"Gitmek zorunda değilsin," dedi Louis. "Bunu yapmak zorunda değilsin, Harry."Harry, bacakları arasına yerleşip göğsüne uzanmış bedenin el parmaklarını okşarken, önlerinde yanan şömineden sızan sıcaklık bedenlerini ısıtıyordu usulca. Harry'nin büyük avucu Louis'nin narin parmaklarıyla süslenmişti. Şafak sessizce söküyor, bulundukları oda loş bir ışığa gömülüyordu.
"Sana miras kalan şeyi koruman gerekir," diye karşılık verdi kalın aksanıyla.
Louis huzursuzca kaşlarını çattı. Harry'nin parmaklarını okşayıp başını kaldırdı. Yeşil gözlerde parlayan alevler Louis'nin bu adama kapılmasını daha çok kolaylaştırıyordu.
"Miras mı?"
Harry, güzel meleğinin minik çenesini okşayıp, az önce emdiği çikolata parçası sayesinde iştah açıcı bir tada sahip olmuş dudaklarına eğildi. Louis'nin tam o anda kendinden geçmiş gibi kapanan gözleri, ince dudaklarını aralayıp sevgilisini beklemesinde epey yardımcı olmuştu.
Sıcak dudaklar birleşince, Louis'nin boğazından cılız bir inleme dökülmüş, boştaki eli genç adamın kıvırcık saçlarıyla buluşmuştu. Eğer amacı aklını bulandırıp konuyu kapatmaksa Louis buna izin vermemekte kararlıydı. Sadece öpücüğün sıcaklığına bakıyordu o anda.
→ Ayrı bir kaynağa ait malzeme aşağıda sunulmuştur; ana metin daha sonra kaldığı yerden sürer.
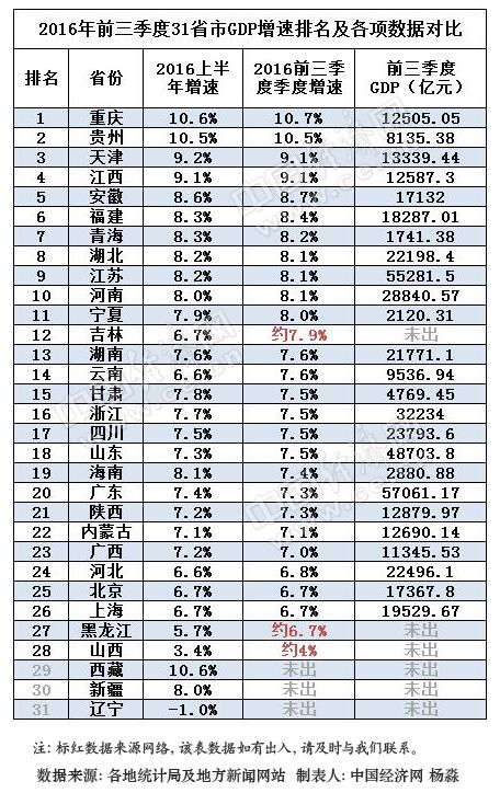 2016年前三季度31省区GDP增速排行榜。(持续更新......)
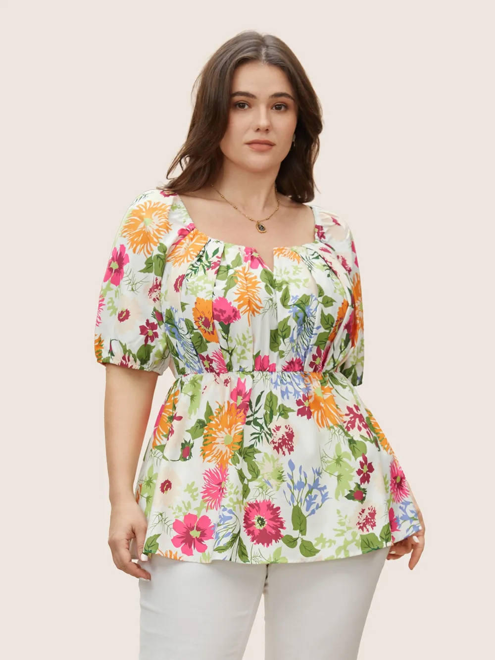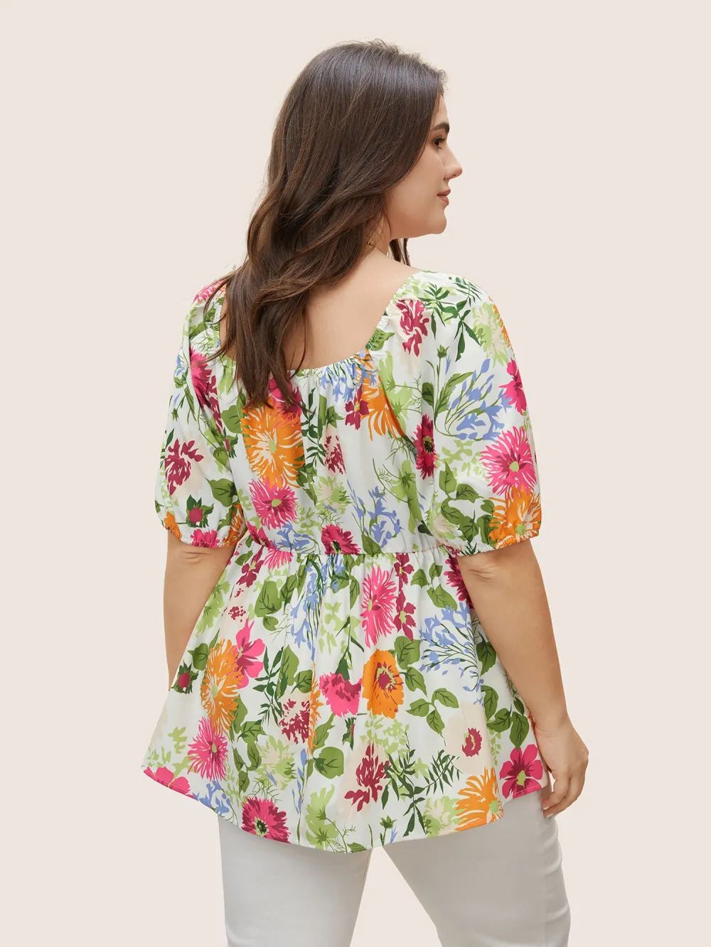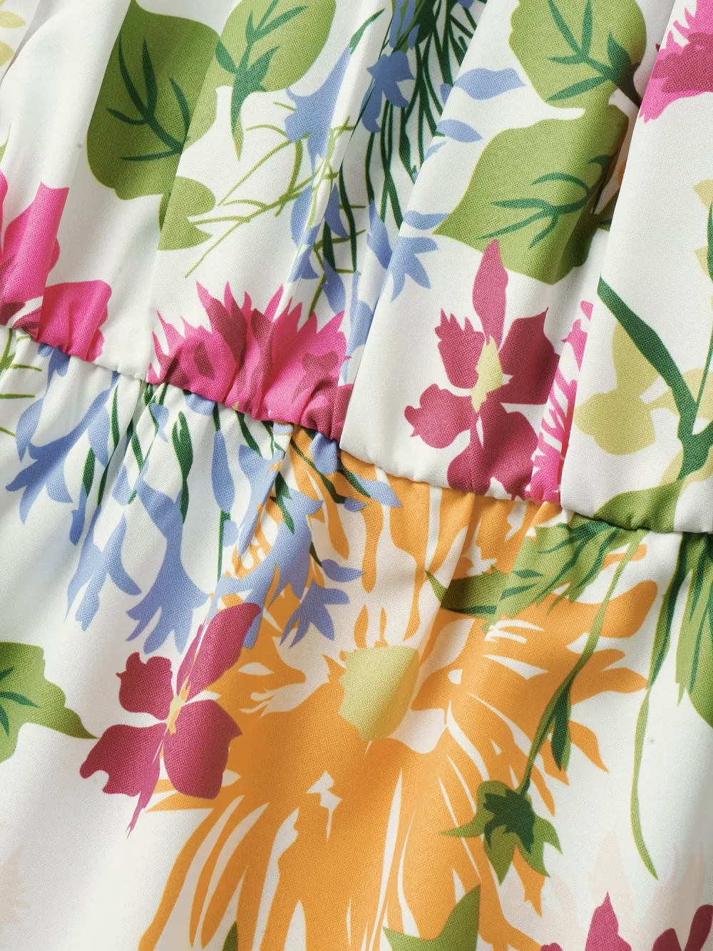 Floral Pleated Elastic Waist Ruffle Sleeve Blouse

Ayrıldıkları zaman, beklenti içindeki gözleri adamı süzdü. Harry de burnuyla onun burnunu okşayıp, avucu arasındaki minik parmakları okşadı.
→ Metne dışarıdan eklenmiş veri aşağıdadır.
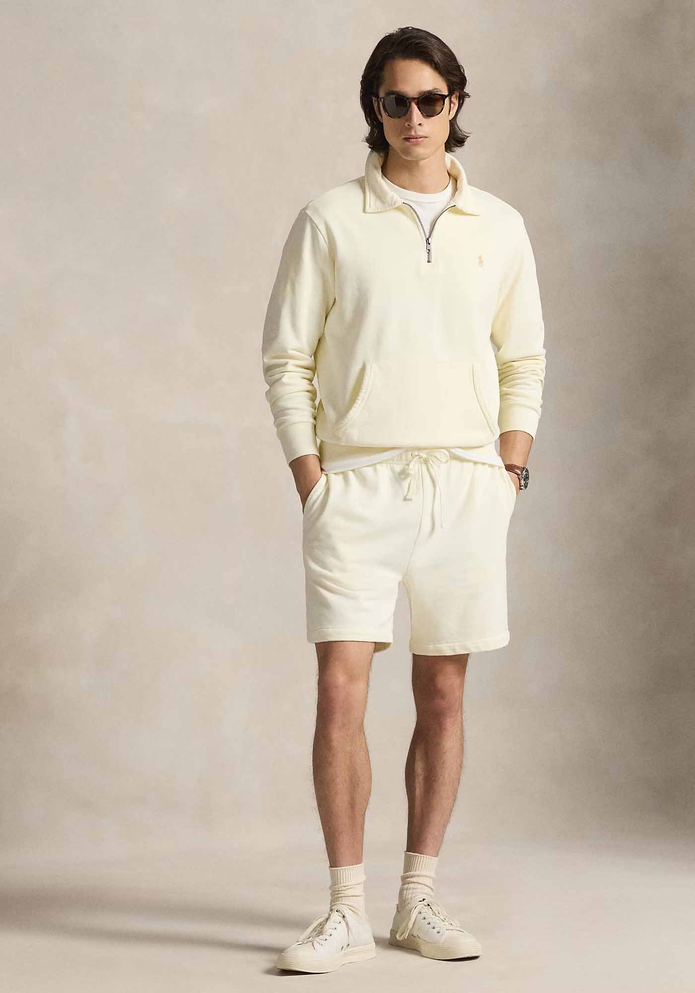 Ανδρική βερμούδα της εταιρείας Polo Ralph Lauren. Ανήκει στην Fleece Short συλλογή και είναι σε κανονική γραμμή, ενώ το λογότυπο είναι τυπωμένο στο ύψος του μηρού. Διαθέτει λάστιχο στην μέση που δένει με κορδόνι για πιο σταθερό κράτημα. Ιδανική επιλογή για πιο casual εμφανίσεις.
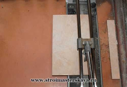 - Плитка укладывается на твердую поверхность и по отмеченной линии от дальнего угла к себе плиткорезом выполняется разрез.
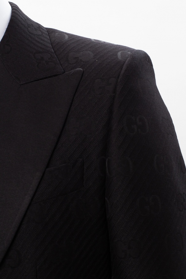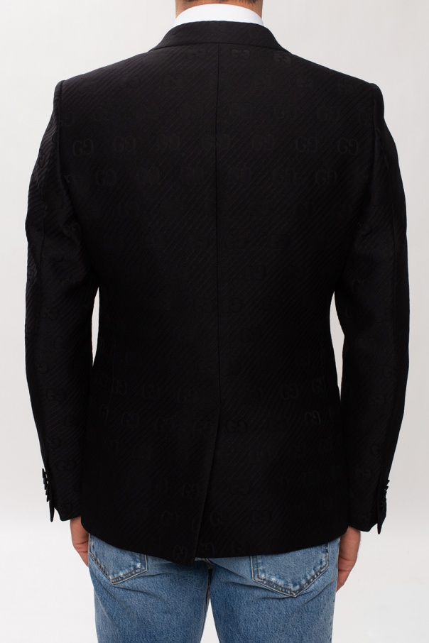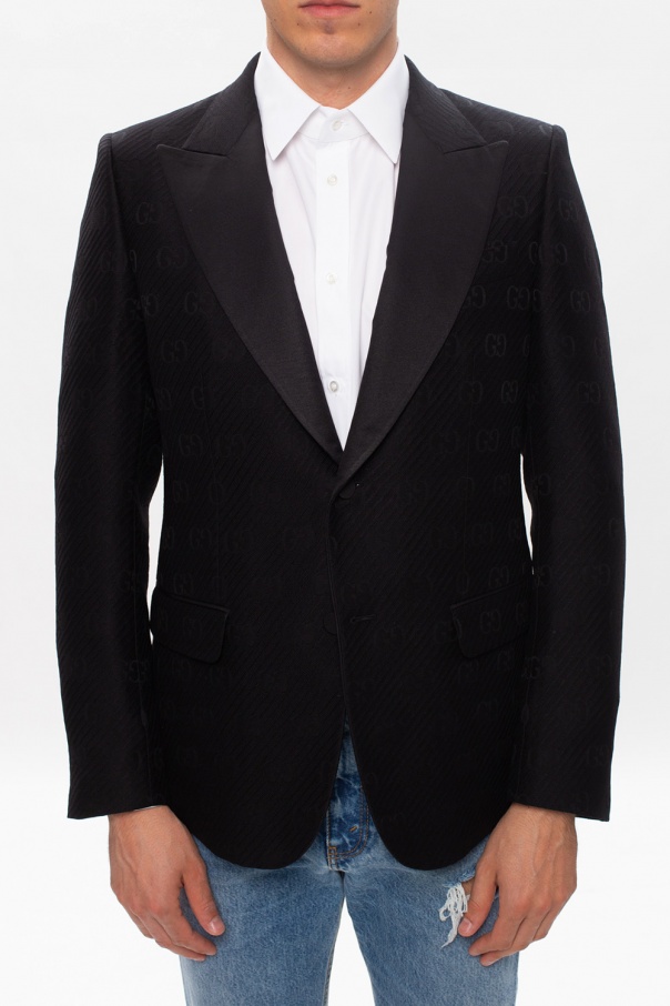 Black blazer with peak lapels from Gucci. Fastened with buttons, this garment features an embroidered logo pattern, two front flap pockets and a single rear vent.

"Bırakmayacaksın, değil mi?" Louis hafif bir baş sallamasıyla karşılık verdi. "Kurcalama."
"Ama bilmek hakkım."
"Belki."
"Ama sevgilinim," dedi, bu, birçok şeyi değiştiriyormuş gibi. "Bana anlatmak zorundasın."
"Bak sen..."
Dudağının köşesi kıvrılınca, Louis hiç çekinmeden o köşeyi öpüp uzun kirpikleri altından ona bakmaya devam etti. Harry buna dayanamıyordu. Öyle güzeldi ki dizginleri eline alan taraf hep o oluyordu. Bir suçluyu kendine hayran bırakıp ânında paramparça edebilirdi. İri mavi gözler başka nasıl tarif edilirdi bilemiyordu.
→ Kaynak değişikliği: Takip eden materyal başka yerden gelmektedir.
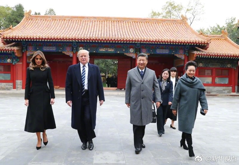 新華網(wǎng)北京11月8日電? 國家主席習近平和夫人彭麗媛11月8日陪同來華進行國事訪問的美國總統(tǒng)特朗普和夫人梅拉尼婭參觀故宮博物院。(攝影:新華社記者蘭紅光、劉衛(wèi)兵、謝環(huán)馳 據(jù)新華社“新華視點”微博報道)
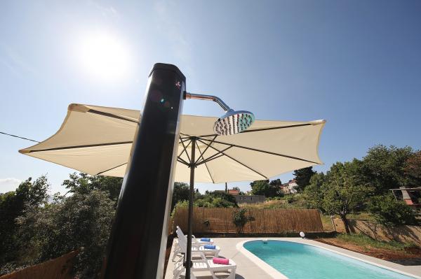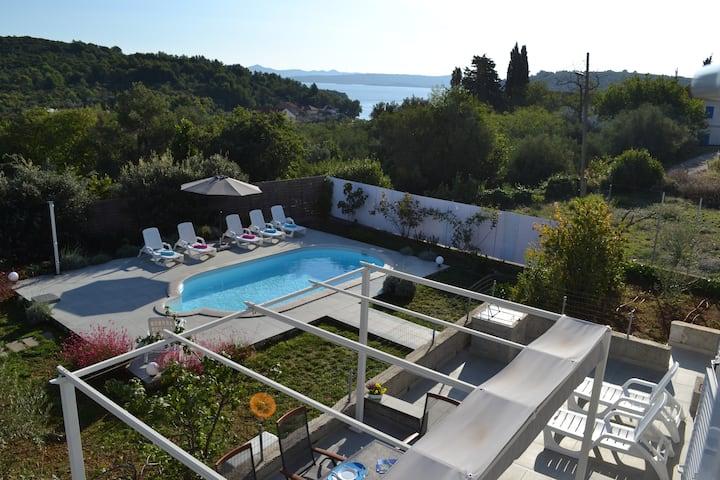Bili smo osam (4 odrasle osobe i 4 djece) dva tjedna u kućici, i uživali u boravku, jako puno. Kuća, apsolutno odgovara opisu, i još bolje, vrlo lijepo korisni stanodavac, odakle smo primili dobrodošlicu nakon dolaska s pićem. Kuća je u potpunosti renovirana i ima idiličan vrt, bazen i terasu s koje se pruža prekrasan pogled na more. Vrtni namještaj, ležaljka, i ograđeni roštilj su dostupni. Oprema kuće je super, sve je dostupno, čak i perilica rublja, i perilice posuđa su dostupni za upotrebu. Nedostaje, NIŠTA, a ako vam je potrebna nešto extra, organizira ga stanodavac. Ako tražite odmor i opuštanje na odmoru, ili se ne osjećate kao da idete na plažu nakon jednog dana, ali želite se opustiti uz bazen, naći ćete savršene uvjete za to. Bazen je vrlo čist i svakodnevno je čišćen. Bio je to vrlo ugodan i opuštajući odmor. Mjesto za opuštanje, uvijek preporučljivo.
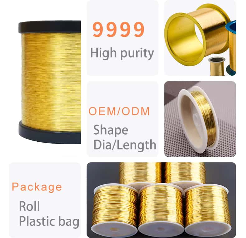 Gold wire is produced by drawing and bonding Au material with a purity of over 99.99%, containing trace elements like Ag/Cu/Si/Ca/Mg.
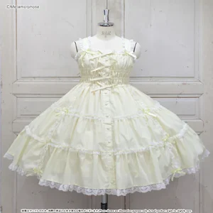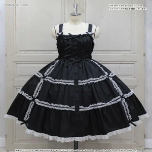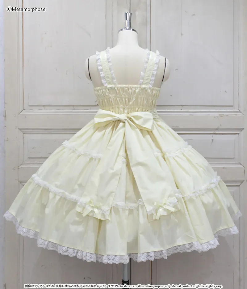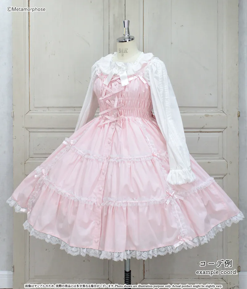 [Brand Comment] It is a 3 flounces tiered JSK plenty of volume ♡ The entire bodice has elastic shirring, making it comfortable to wear♪ Please enjoy a classic style with lots of cute ribbons and lace.
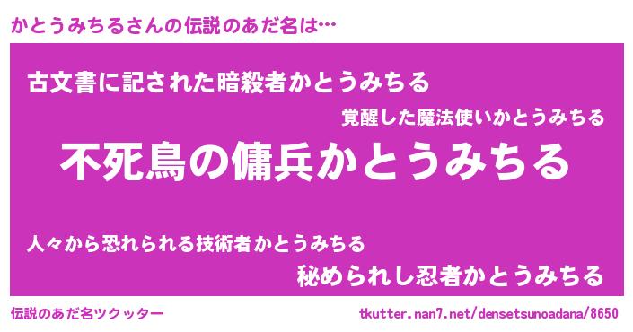 | 女子向けラノベタイトル風あだ名 | 『かとうみちる姫と円卓の騎士』 |

"Bu tür şeyleri kaldıramayabilirsin. Yeterince zor duruyorsun yanımda zaten. İyice benden uzaklaşmanı istemiyorum."
"Yanlış biliyorsun," diyerek kaşlarını çattı. Genç adamın kolları arasına biraz daha kıvrıldığında, göğsüne dolanan kaslı kolları tutup başını onun göğsüne yasladı.
"İlk başlarda beni gasp eden biri olduğun için elbette gitmek istiyordum. Ne olursa olsun Harry, ben özgürlüğümü istiyorum. Dört duvar arasında sıkışıp kalmakla çok fark ediyor."
Harry yorum yapmayıp sessizliğini koruyunca devam etti.
"Eve gitmek ve ailemle istediğim zaman konuşmak istiyorum. Sana zarar vermek için beni bulmaya çalışan adamları öğrenene kadar gitmek için diretip durdum. Sonrasında elbette durulmak zorundaydım, beni korumana ihtiyacım var."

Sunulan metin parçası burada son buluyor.